_Problem requirements_: Your reply should consist only of the lines from the one holding "ベビー服 ニットロンパース新生児 赤ちゃんセーター" to the last line of the data below, written out exactly and without pictures.

_Data segment_:
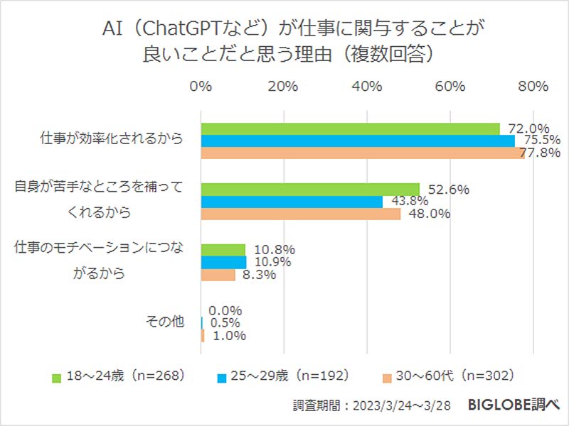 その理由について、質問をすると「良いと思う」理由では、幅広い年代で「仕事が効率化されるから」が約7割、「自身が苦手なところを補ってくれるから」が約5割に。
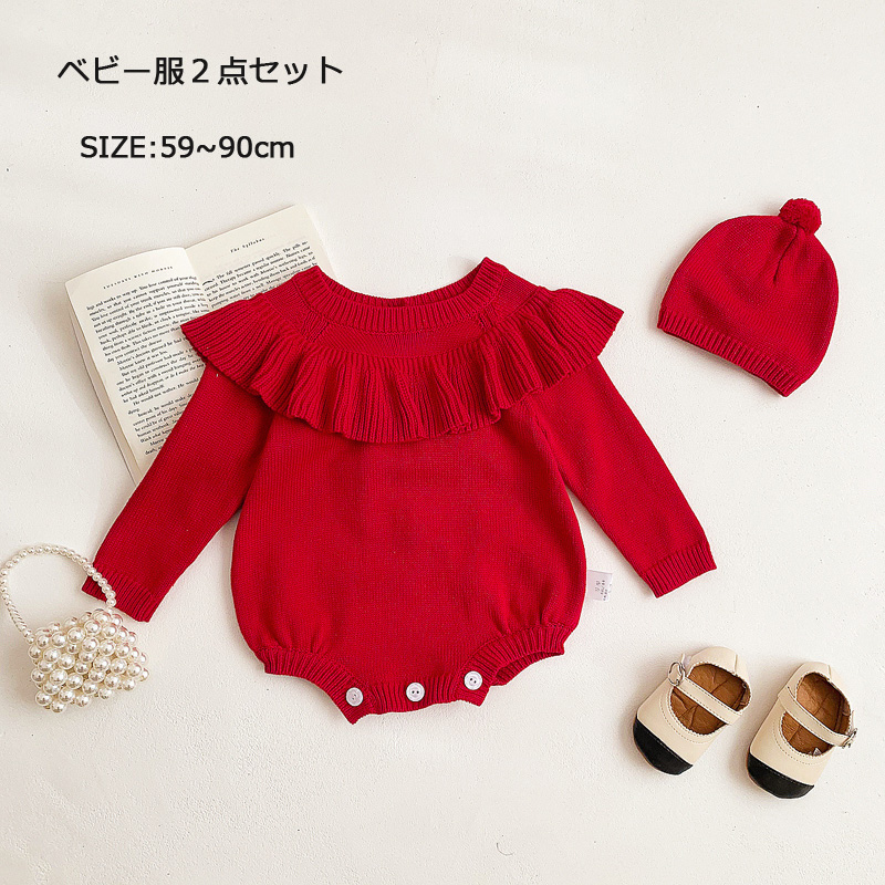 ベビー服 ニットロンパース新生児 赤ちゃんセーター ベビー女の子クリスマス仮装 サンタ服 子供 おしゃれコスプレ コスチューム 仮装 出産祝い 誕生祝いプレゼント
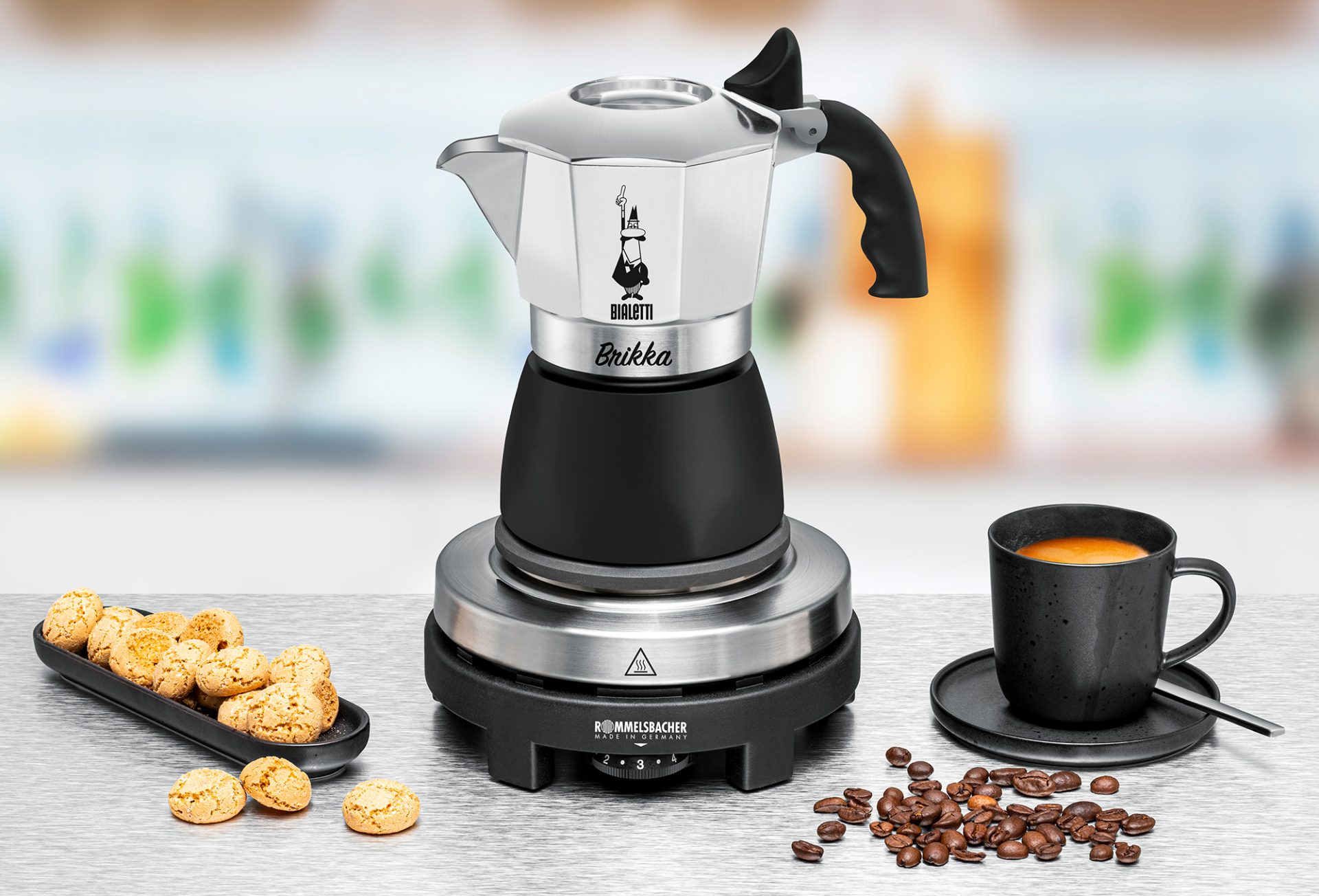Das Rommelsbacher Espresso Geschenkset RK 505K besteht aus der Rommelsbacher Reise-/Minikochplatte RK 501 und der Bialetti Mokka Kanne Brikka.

_Reply_:
 ベビー服 ニットロンパース新生児 赤ちゃんセーター ベビー女の子クリスマス仮装 サンタ服 子供 おしゃれコスプレ コスチューム 仮装 出産祝い 誕生祝いプレゼント
Das Rommelsbacher Espresso Geschenkset RK 505K besteht aus der Rommelsbacher Reise-/Minikochplatte RK 501 und der Bialetti Mokka Kanne Brikka.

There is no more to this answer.